Figure 3b shows the voltammetry of a PEDOT film synthesized as in Figure 2, but transferred into a cell with 0.1 M [EMMIM]Tf2N in acetonitrile as supporting electrolyte. Many differences are observed between Figure 3a and Figure 3b for the PEDOT films of the same thickness: the ratio between height of the cathodic peaks is different, the separation between the anodic and the cathodic peaks is smaller in pure [EMMIM]Tf2N and the polymer is oxidized at lower potential in [EMMIM]Tf2N than in acetonitrile.

Chronoamperometry

In order to maintain electroneutrality, the generation of charges in the conducting polymers must be accompanied with the entrance of counterions from the solution. The chronoamperometric experiments allow the study of the ionic exchange kinetics. Figures 4a–c show the current traces when the potential is switched from −1 V to 1 V and vice versa. It is observed that the transients of PEDOT films on the three Pt surfaces used are characteristic of nucleation kinetics [21].

[1860-5397-11-40-4]

Figure 4: Chronoamperometry of PEDOT films synthesized on platinum single crystals in [EMMIM]Tf2N. The total synthesis charge was 6.2 mC cm−2. The potential steps were between −1.0 V and 1.0 V. a) Zoom of the first milliseconds for the PEDOT film on Pt(111) at 35 °C. Insert: integrated charge of the chronoamperometry vs the synthesis electric charge for the Pt(hkl) electrodes. b) Chronoamperometry of PEDOT on Pt(hkl) at 25 °C. c) Chronoamperometry of PEDOT on Pt(111) at temperatures of 20, 25, 30, and 35 °C. c) Logarithm of the current at 1.5 ms vs the inverse of temperature for: Pt(111) (black line), Pt(100) (red line) and Pt(110) (blue line).

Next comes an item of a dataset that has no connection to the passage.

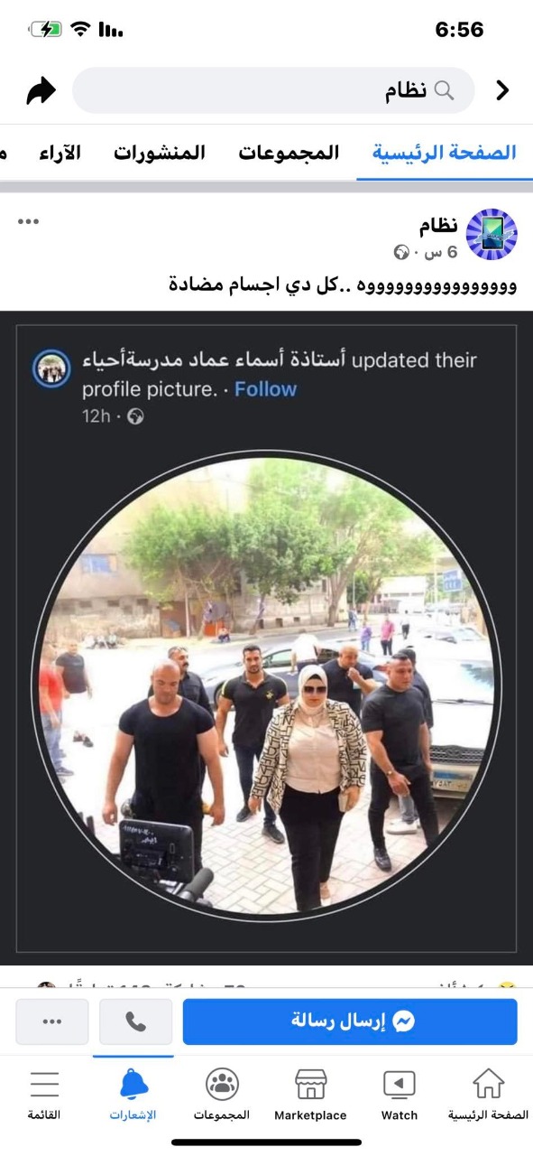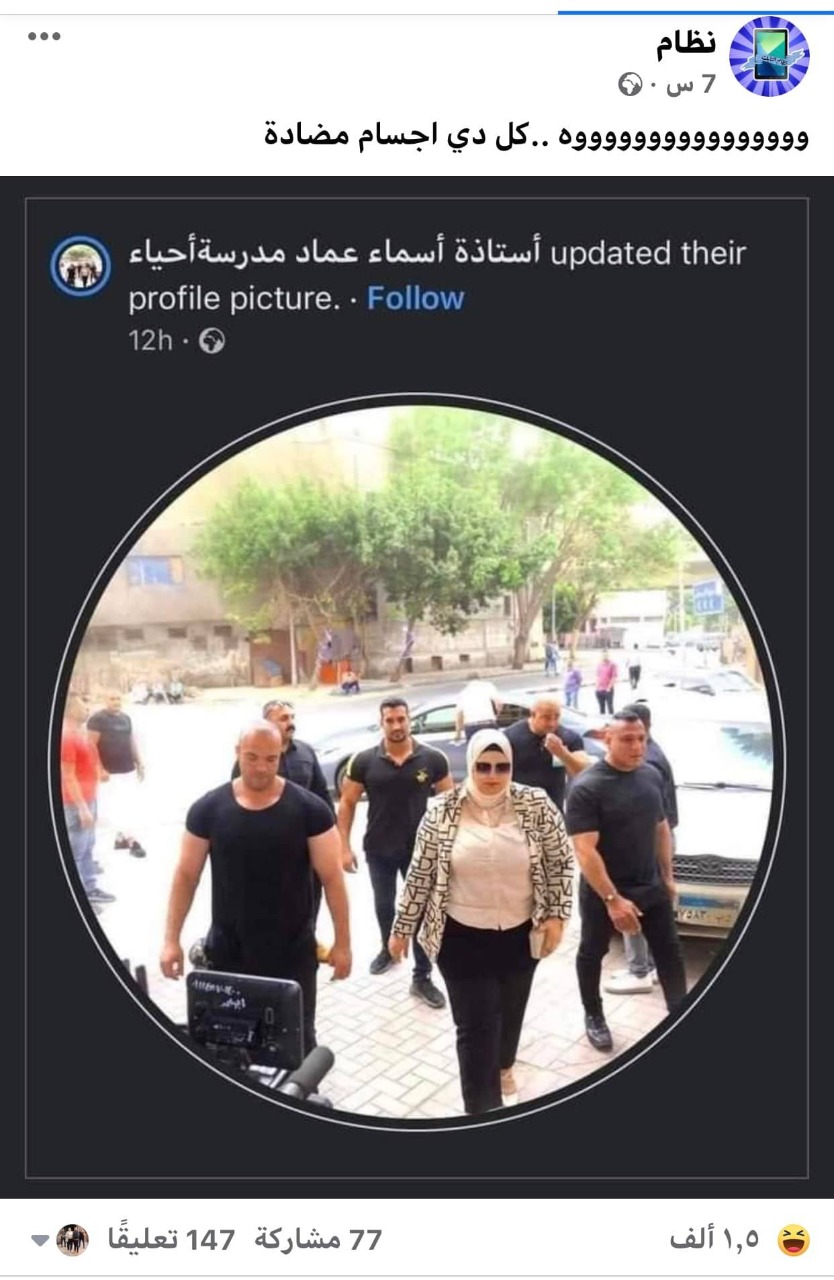 أثارت صورة لمُدرسة أحياء، عبر مواقع التواصل الاجتماعي، يظهر فيها البودي جار الخاص بالمعلمة، وعدد من الحرس الخاصين بالمُعلمة.

The insert of Figure 4a shows the integrated charge, Qi, as a function of the charge of synthesis, Qpol. It can be observed that the charge involved in the current transient increases linearly with increasing polymerization charge. The reduction charge is slightly lower than the oxidation charge. It seems that during the oxidation step the film is slightly overoxidized. No significant differences were observed in the exchange kinetics for the different Pt surfaces (Figure 4b).

Figure 4c shows the current transients at different temperatures for the oxidation and reduction steps. The increase in temperature favors these processes as it has been observed for other conducting polymers [24,25]. With the value of the current at the very beginning of the transient (1.5 ms) it is possible to establish a relation between the current and the temperature using the “initial rate” approximation and the Arrhenius Equation. Since the logarithm of the current density vs the inverse of the temperature plot showed a linear dependence, Figure 4b, the apparent activation energy were calculated (Table 1).

Table 1: Nucleation activation energies calculated from the linear graphs shown in Figure 4d.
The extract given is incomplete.